I don't tell many people that I am bi-sexual. Why? It confuses them. No, seriously, they get all discombobulated and don't know what to think. If I tell a straight woman that I'm bi she automatically worries that I've been checking her out and if they happen to have read any of my stories they really worry. And if I tell a guy I'm bi he starts fantasizing about me and him and some other chick.
I don't sit around and fantasize about my co-workers - they are my co-workers and I don't mess with that even though one of them is kinda hot. But she's totally straight and even if she wasn't I just wouldn't got there. I don't imagine my girl friends naked and I don't hit on other girls. I'm not dangerous - I swear. I've had one relationship that developed from a friendship. That's it. Yet I know that if I met someone that happened to turn me on and showed some interest and my fiance was OK with it, yes, I'd go there again. But my commitment is to my fiance so that means that I'm not in a position to get into a real relationship. Do I crave pussy? No, I don't. I enjoy being with a woman but I don't dream about it.

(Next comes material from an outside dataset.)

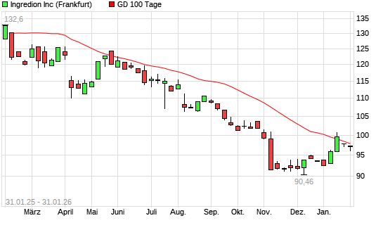 Mit dem Anstieg auf 97,30 EUR hat die Ingredion-Aktie am 30.01.2026 die 100-Tage-Linie nach oben gekreuzt.Die Ingredion-Aktie befindet sich seit dem 03.04.2025 im langfristigen Abwärtstrend ...weiterlesen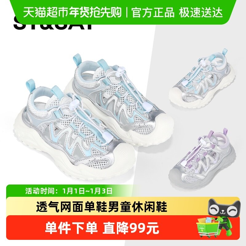 星期六童鞋儿童运动凉鞋2025夏季新款女童网面运动鞋男童透气单鞋

I also don't actively go out searching for a third partner in my relationship. My fiance and I have discussed it and we may go there at some point but it isn't a huge goal for us.
Being bi-sexual does not mean that I am a big horn dog looking to get action from men and women. Be bi-sexual does not mean that I need both men and women to be satisfied. Being bi-sexual does not mean what a lot of straight people think it means.
It simply means that there are some women I find attractive and there are some women I would consider being sexual with and there are some women I might meet that I would consider inviting into my bedroom with my fiance. It also means that I find my male partner very attractive and am very happy with him and will be happy having him as the only partner in my life if that is what we chose.
And that's why I don't tell many people in my real life that I am bi-sexual.